Task description: Required from the data below: the exact lines starting at the line containing "1970s Deep Burgundy" and ending at the line containing "Tôi ôm chặt", with both ends kept and all pictures dropped.

The records:
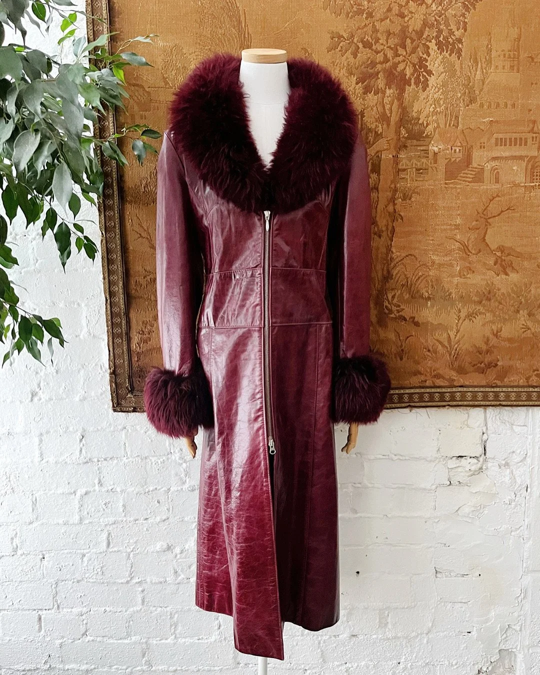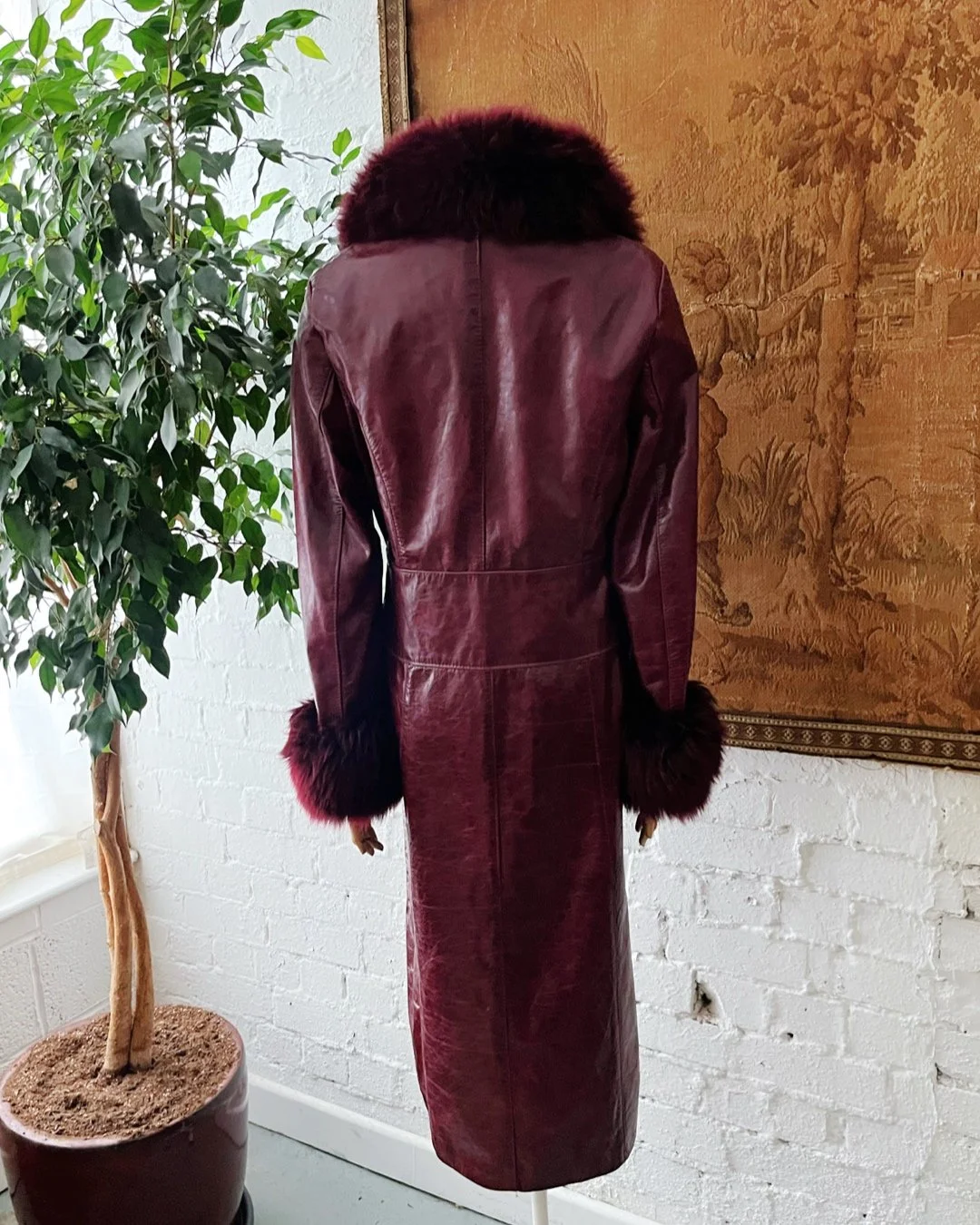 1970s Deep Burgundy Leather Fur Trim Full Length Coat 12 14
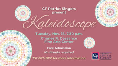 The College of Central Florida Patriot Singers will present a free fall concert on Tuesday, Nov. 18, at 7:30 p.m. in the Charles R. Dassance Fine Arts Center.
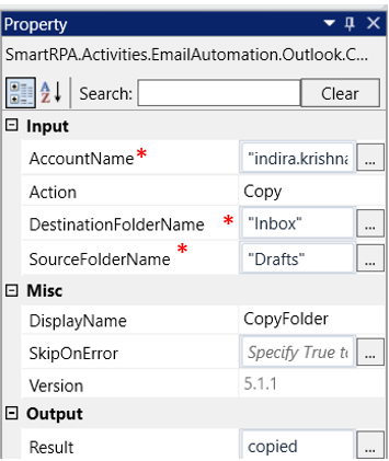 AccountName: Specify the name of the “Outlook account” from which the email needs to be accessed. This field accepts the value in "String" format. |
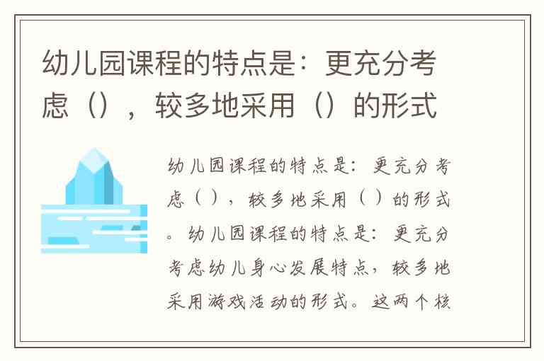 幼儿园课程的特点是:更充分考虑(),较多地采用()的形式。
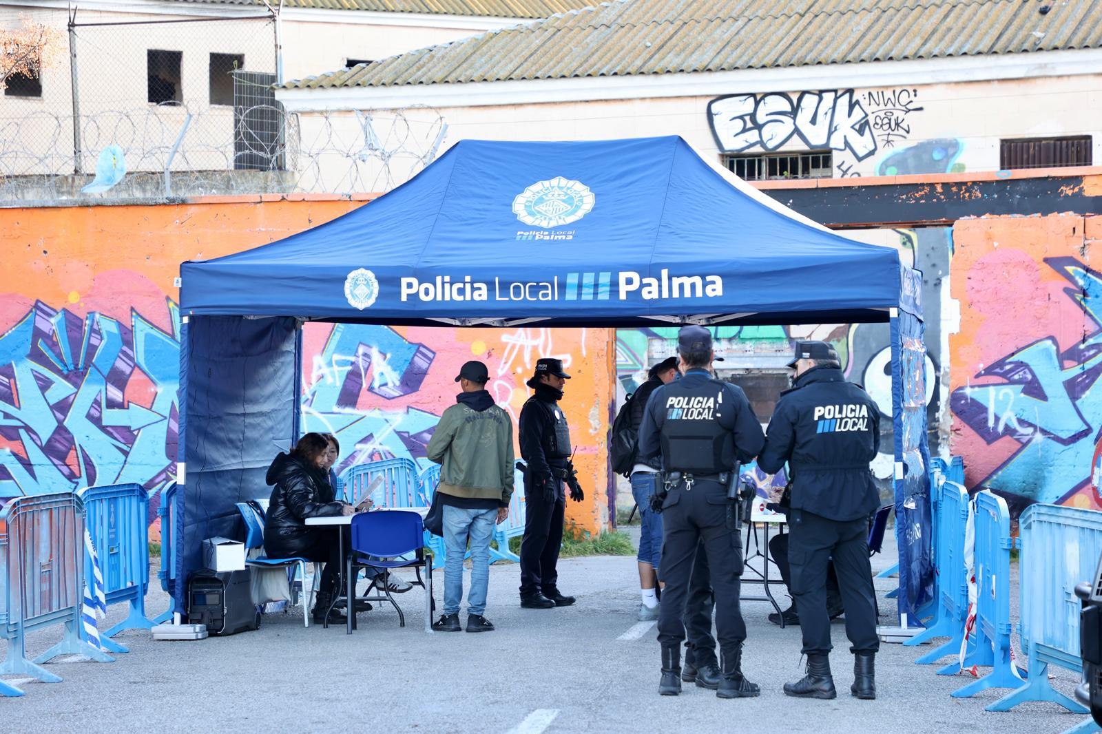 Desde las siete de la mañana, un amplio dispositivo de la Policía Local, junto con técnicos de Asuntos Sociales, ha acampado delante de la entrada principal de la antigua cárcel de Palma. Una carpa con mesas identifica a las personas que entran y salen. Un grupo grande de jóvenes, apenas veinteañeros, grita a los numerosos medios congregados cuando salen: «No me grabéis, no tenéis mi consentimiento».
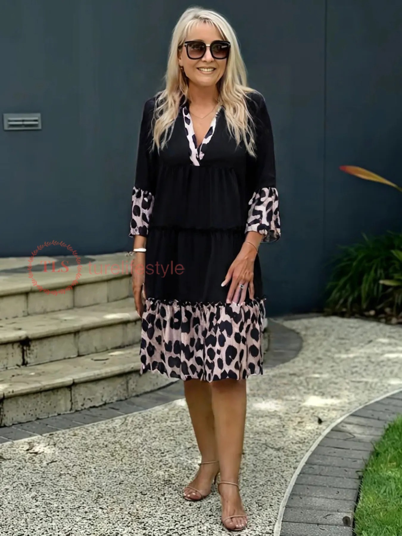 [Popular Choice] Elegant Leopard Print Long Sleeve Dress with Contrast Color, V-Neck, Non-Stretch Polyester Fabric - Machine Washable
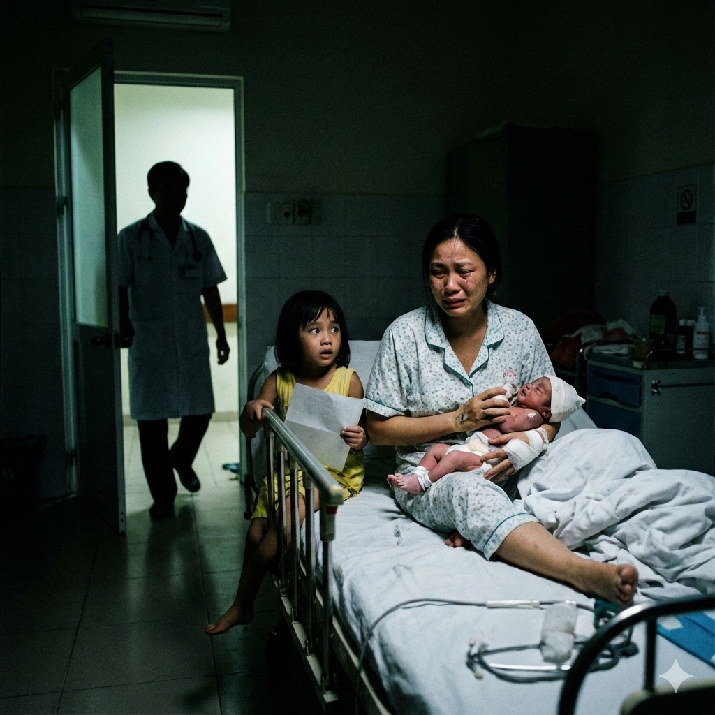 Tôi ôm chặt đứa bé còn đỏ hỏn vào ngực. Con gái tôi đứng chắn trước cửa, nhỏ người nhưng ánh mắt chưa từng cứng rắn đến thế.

* * *

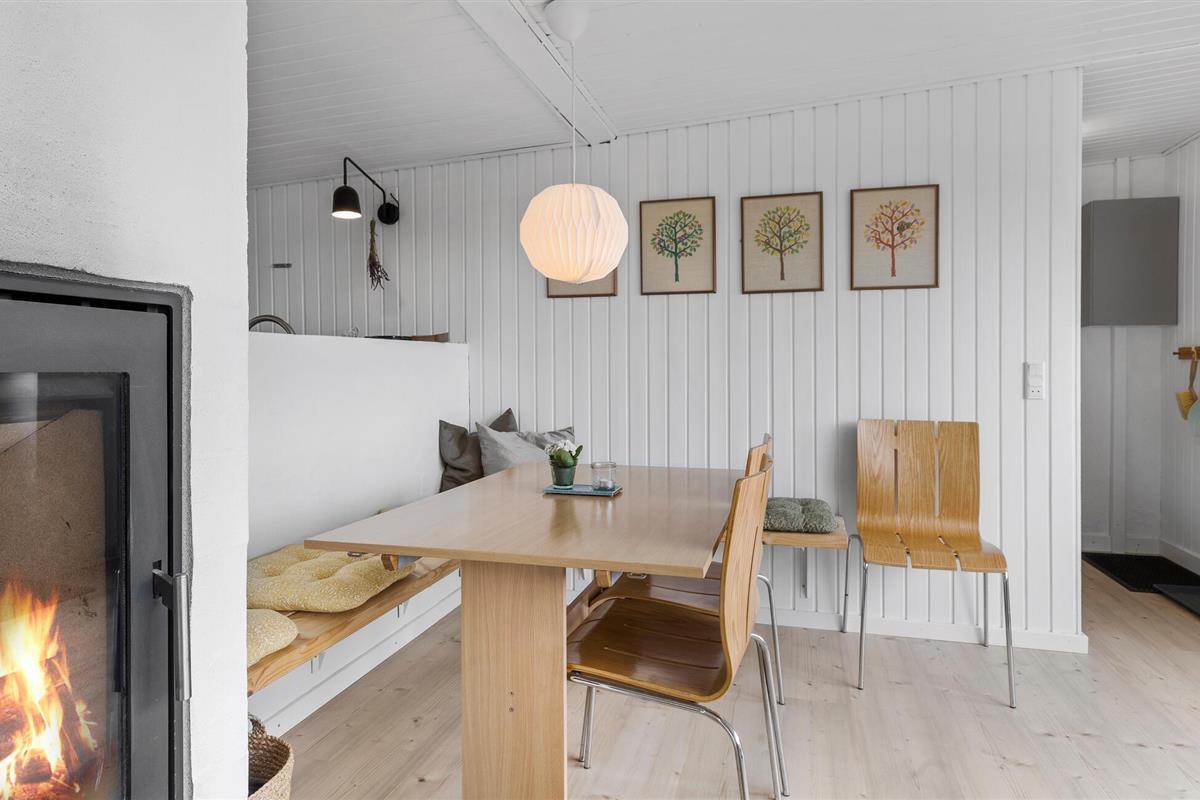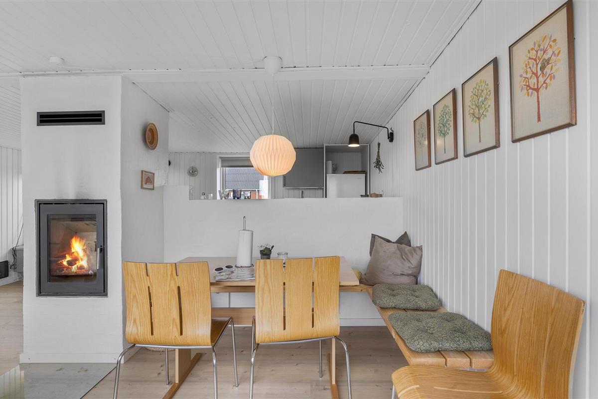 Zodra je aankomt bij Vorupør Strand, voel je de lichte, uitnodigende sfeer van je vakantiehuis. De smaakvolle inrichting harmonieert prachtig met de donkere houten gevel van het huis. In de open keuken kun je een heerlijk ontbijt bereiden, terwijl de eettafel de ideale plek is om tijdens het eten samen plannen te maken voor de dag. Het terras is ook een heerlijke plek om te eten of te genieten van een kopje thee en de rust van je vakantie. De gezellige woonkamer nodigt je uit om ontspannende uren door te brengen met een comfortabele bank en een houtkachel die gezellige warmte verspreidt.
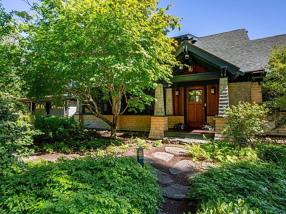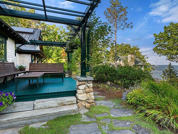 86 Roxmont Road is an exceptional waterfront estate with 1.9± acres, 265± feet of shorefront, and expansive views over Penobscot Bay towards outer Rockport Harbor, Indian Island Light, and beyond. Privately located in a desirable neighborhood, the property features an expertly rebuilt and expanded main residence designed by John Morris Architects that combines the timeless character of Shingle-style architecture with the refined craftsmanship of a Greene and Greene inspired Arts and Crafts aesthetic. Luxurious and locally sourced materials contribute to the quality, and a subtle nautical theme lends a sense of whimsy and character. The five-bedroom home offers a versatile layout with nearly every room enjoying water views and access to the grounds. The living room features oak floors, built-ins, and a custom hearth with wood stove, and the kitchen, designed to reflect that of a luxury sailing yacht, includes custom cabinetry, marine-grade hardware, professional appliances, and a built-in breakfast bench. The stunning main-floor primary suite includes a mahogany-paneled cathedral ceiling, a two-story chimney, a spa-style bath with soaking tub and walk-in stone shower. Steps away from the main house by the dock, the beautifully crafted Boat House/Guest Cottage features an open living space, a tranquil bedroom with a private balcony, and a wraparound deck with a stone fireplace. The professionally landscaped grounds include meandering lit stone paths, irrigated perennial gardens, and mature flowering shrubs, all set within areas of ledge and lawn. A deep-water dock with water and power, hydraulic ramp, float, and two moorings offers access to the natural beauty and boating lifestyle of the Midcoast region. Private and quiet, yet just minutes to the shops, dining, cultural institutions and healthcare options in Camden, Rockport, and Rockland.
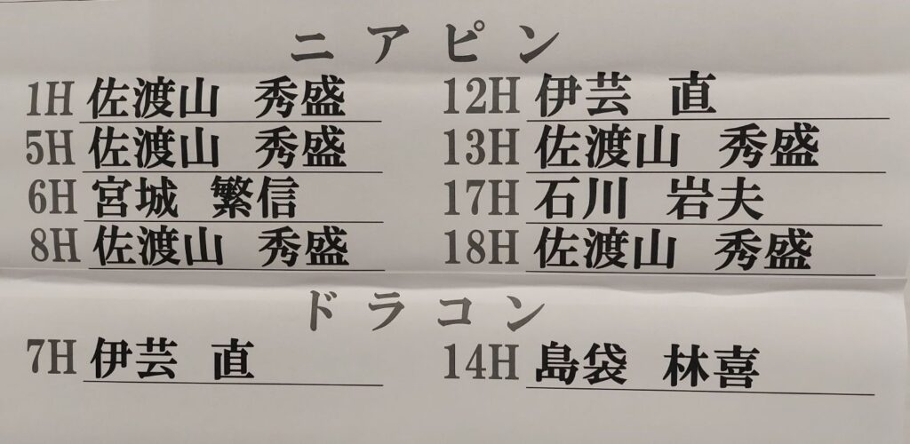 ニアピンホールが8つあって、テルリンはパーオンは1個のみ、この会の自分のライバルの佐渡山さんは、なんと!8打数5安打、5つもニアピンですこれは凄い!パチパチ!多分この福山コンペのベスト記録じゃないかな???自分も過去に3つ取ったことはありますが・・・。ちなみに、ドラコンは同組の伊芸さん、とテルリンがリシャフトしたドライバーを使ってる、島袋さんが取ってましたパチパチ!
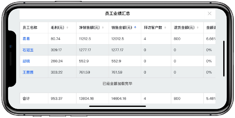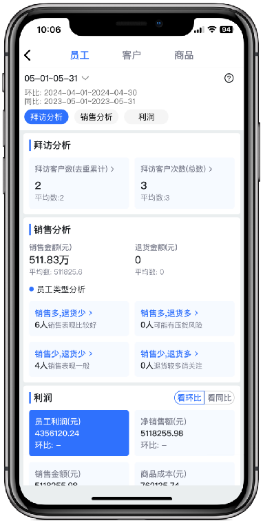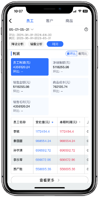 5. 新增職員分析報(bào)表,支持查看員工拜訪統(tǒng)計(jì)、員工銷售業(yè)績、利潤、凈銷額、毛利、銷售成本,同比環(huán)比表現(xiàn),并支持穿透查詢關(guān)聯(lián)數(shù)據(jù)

Answer box:
 1970s Deep Burgundy Leather Fur Trim Full Length Coat 12 14
 The College of Central Florida Patriot Singers will present a free fall concert on Tuesday, Nov. 18, at 7:30 p.m. in the Charles R. Dassance Fine Arts Center.
 AccountName: Specify the name of the “Outlook account” from which the email needs to be accessed. This field accepts the value in "String" format. |
 幼儿园课程的特点是:更充分考虑(),较多地采用()的形式。
 Desde las siete de la mañana, un amplio dispositivo de la Policía Local, junto con técnicos de Asuntos Sociales, ha acampado delante de la entrada principal de la antigua cárcel de Palma. Una carpa con mesas identifica a las personas que entran y salen. Un grupo grande de jóvenes, apenas veinteañeros, grita a los numerosos medios congregados cuando salen: «No me grabéis, no tenéis mi consentimiento».
 [Popular Choice] Elegant Leopard Print Long Sleeve Dress with Contrast Color, V-Neck, Non-Stretch Polyester Fabric - Machine Washable
 Tôi ôm chặt đứa bé còn đỏ hỏn vào ngực. Con gái tôi đứng chắn trước cửa, nhỏ người nhưng ánh mắt chưa từng cứng rắn đến thế.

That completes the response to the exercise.